CorEx-2.0 identified all patients with severe stenosis (CAD-RADS ≥ 4) compared with expert readers and approached expert reader performance at vessel level (weighted kappa > 0.70).
Question Can deep learning models improve objectivity in coronary stenosis grading and reporting as coronary CT angiography (CTA) workloads rise? Findings The deep learning model (CorEx-2.0) identified all patients with severe stenoses when compared with expert readers and approached expert reader performance at vessel level. Clinical relevance CorEx-2.0 is a reliable tool for identifying patients with severe stenoses (≥ 70%), underscoring the potential of using this deep learning model to prioritize coronary CTA reading by flagging patients at risk of severe obstructive coronary artery disease.
使用深度学习模型对冠状动脉计算机断层扫描血管造影(CCTA)进行定量测量,可能会减少阅片者之间的差异,并提高临床报告的效率。

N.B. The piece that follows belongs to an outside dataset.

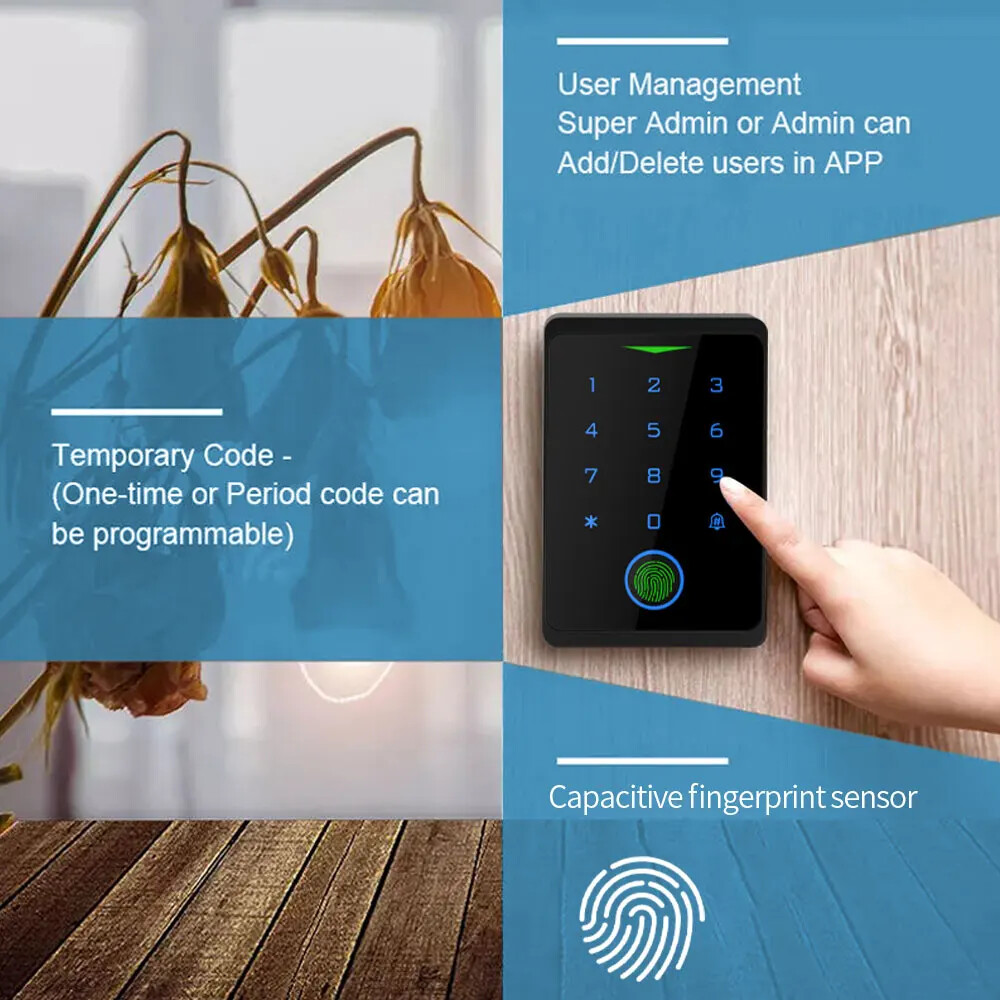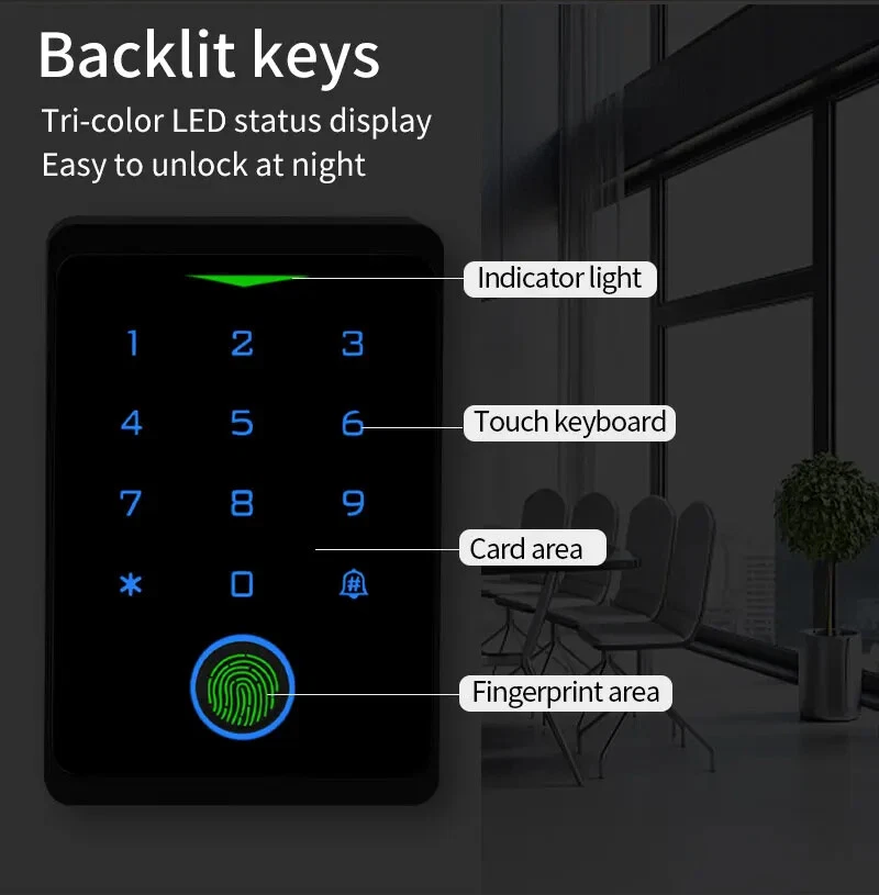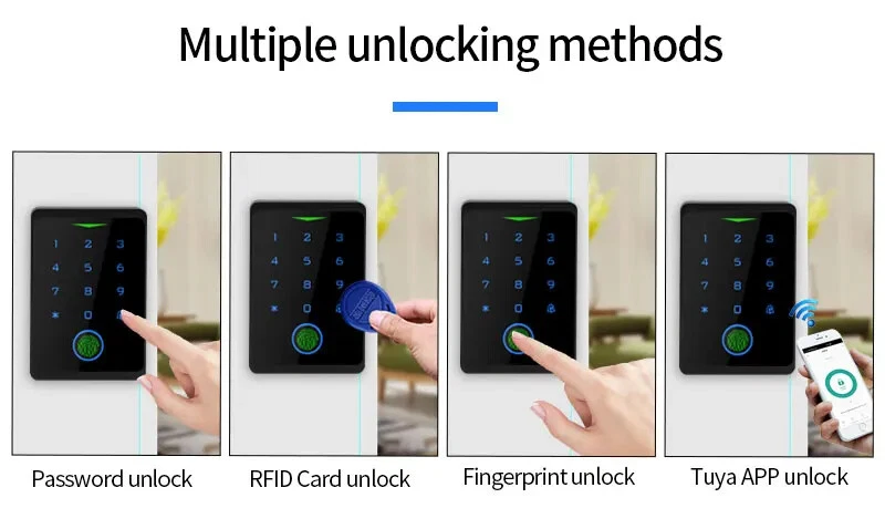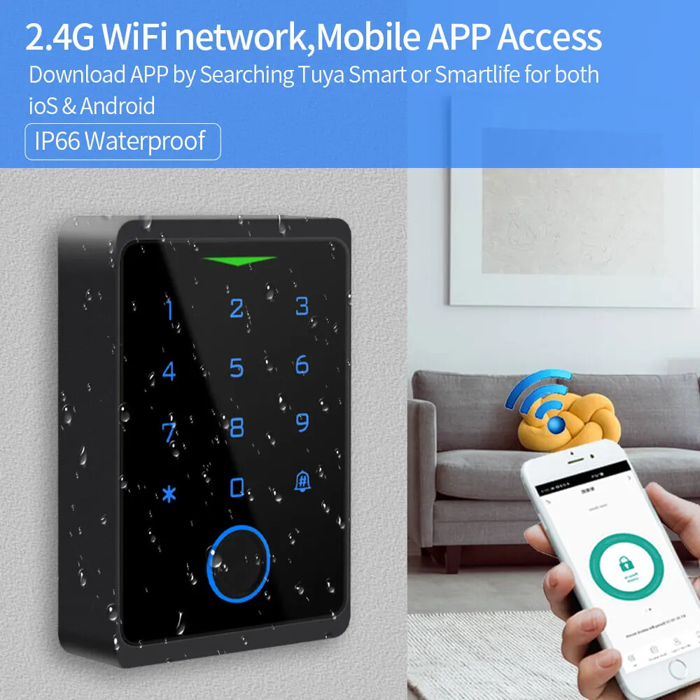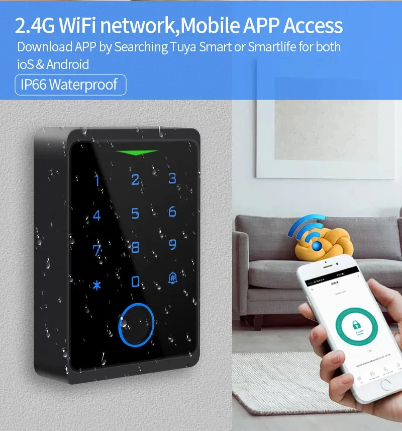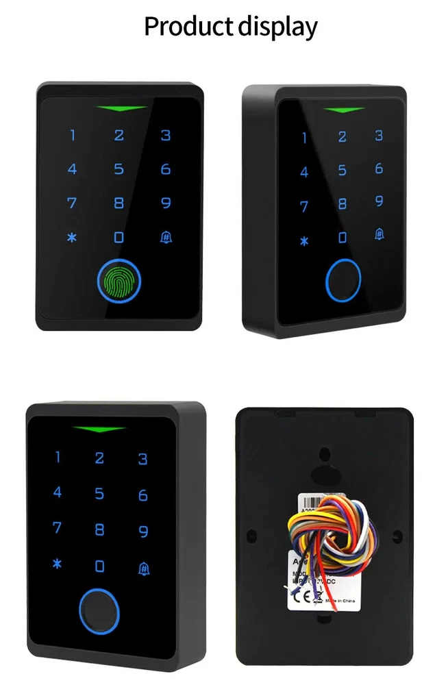 Product sellpoints Tuya APP Integration:Seamless smart home integration with Tuya APP for easy access control and management. High User Capacity:Accommodates up to 1000 users, including 990 common users and 10 visitor users. Electronic Door Lock With Key Fob|Fingerprint Door Lock External|IP66 Waterproof Grade:Engineered for durability, this lock withstands harsh weather with its IP66 waterproof rating. Multiple Access Modes:Supports fingerprint, PIN, and RFID card access, offering versatile entry options. Wireless Connectivity:Enjoy the convenience of 2.4G WiFi connectivity for remote access control. Tuya APP Door Lock IP66 Waterproof Keyless Fingerprint WIFI Access Control Standalone Keypad Fingerprint EM RFID Card Door Entry Note : CF1-EM-WIFI has no doorbell cables and no funtion for connection to external doorbell CF1-EM-WIFI Economic Touch Fingerprint Keypad > material:ABS plastic material > One relay, 1000 users (990 common users+10 visitor users) > Fingerprint Touch keypad, PIN length:4~6 digits > Card Type:125KHz EM > Wiegand 26 bits output > Wiegand 26/34 bits input automatic identification > Backlit keypad,can set automatic OFF after 20 seconds > IP66 Waterproof version >The standard version is 125khz ID EM version

本研究旨在调查一种最近更新的深度学习模型(CorEx-2.0)在量化冠状动脉狭窄方面的诊断性能,并分别与两位CCTA专家阅片者作为参考进行比较。
这项单中心回顾性研究纳入了2017年至2022年间接受CCTA以排除阻塞性冠状动脉疾病的50例患者。两位CCTA专家阅片者和CorEx-2.0使用冠状动脉疾病报告和数据系统(CAD-RADS)对所有150条血管进行独立评估。使用一致性百分比、患者水平上二元CAD-RADS分类(CAD-RADS 0-3与4-5)的Cohen's kappa以及血管水平上6组CAD-RADS分类的线性加权kappa,评估CorEx-2.0与每位专家阅片者作为参考相比的阅片者间一致性分析和诊断性能。
总体而言,评估了50例患者和150条血管。患者水平上使用二元分类的阅片者间一致性为91.8%(45/49),Cohen's kappa为0.80。对于血管水平上的6组分类,阅片者间一致性为67.6%(100/148),线性加权kappa为0.77。CorEx-2.0在检测CAD-RADS≥4时显示出100%的敏感性,在患者水平上使用二元分类时与两位阅片者相比kappa值为0.86。对于血管水平上的6组分类,CorEx-2.0与阅片者1相比加权kappa值为0.71,与阅片者2相比为0.73。
与专家阅片者相比,CorEx-2.0识别出了所有严重狭窄(CAD-RADS≥4)的患者,并在血管水平上接近专家阅片者的表现(加权kappa>0.70)。
问题随着冠状动脉CT血管造影(CTA)工作量的增加,深度学习模型能否提高冠状动脉狭窄分级和报告的客观性?发现深度学习模型(CorEx-2.0)与专家阅片者相比识别出了所有严重狭窄的患者,并在血管水平上接近专家阅片者的表现。临床意义CorEx-2.0是识别严重狭窄(≥70%)患者的可靠工具,强调了使用这种深度学习模型通过标记有严重阻塞性冠状动脉疾病风险的患者来优先进行冠状动脉CTA阅片的潜力。